-- Materials provided follows --

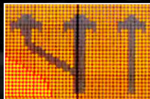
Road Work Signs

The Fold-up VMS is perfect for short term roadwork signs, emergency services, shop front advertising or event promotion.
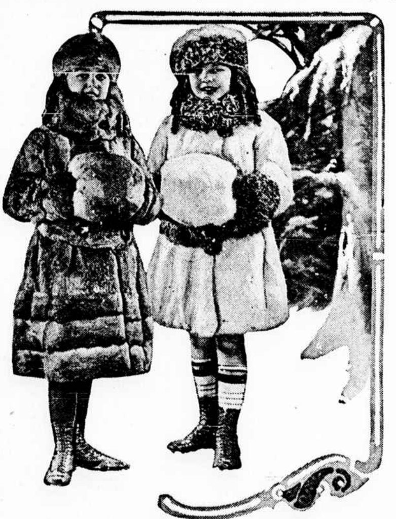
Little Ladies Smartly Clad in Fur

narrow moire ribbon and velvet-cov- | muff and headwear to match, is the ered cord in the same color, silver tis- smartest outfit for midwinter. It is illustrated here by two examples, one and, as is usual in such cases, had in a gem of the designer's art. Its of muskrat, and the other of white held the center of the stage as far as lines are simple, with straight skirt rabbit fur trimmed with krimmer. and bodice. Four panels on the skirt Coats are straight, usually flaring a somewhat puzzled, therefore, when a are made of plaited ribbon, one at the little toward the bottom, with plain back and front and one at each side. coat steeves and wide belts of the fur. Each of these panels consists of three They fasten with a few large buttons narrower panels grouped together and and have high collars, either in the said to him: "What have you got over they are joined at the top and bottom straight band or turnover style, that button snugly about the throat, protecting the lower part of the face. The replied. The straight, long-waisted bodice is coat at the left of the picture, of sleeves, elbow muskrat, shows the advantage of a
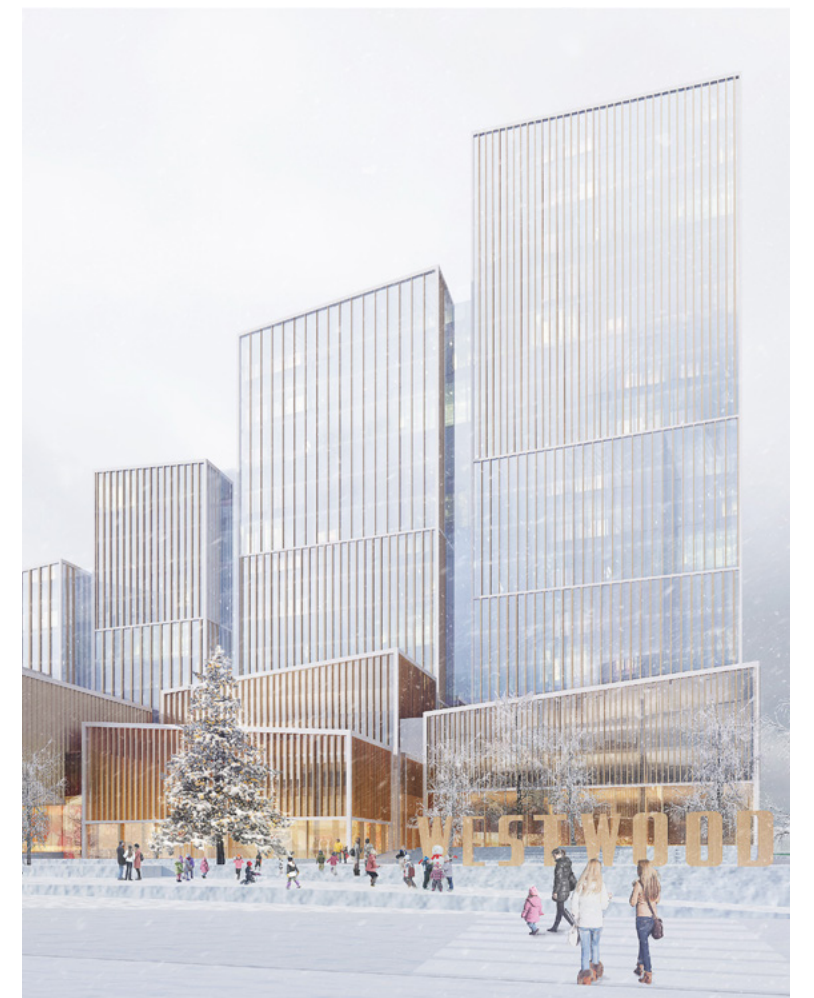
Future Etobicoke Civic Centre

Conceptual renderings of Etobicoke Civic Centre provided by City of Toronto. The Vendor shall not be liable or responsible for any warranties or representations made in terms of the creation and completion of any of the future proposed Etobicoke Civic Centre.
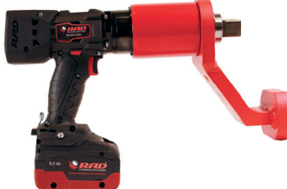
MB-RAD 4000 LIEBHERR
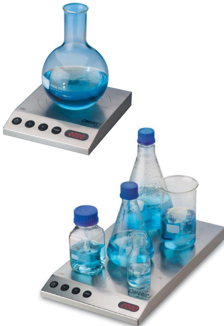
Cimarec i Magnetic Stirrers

-- Materials provided concluded --

* [What needs to be done]: The lines from the start of the data through the line that contains "Little Ladies Smartly Clad in Fur" are to be returned exactly, please, with both ends included and every picture left out.

* [Exercise answer]:
Road Work Signs

The Fold-up VMS is perfect for short term roadwork signs, emergency services, shop front advertising or event promotion.
Little Ladies Smartly Clad in Fur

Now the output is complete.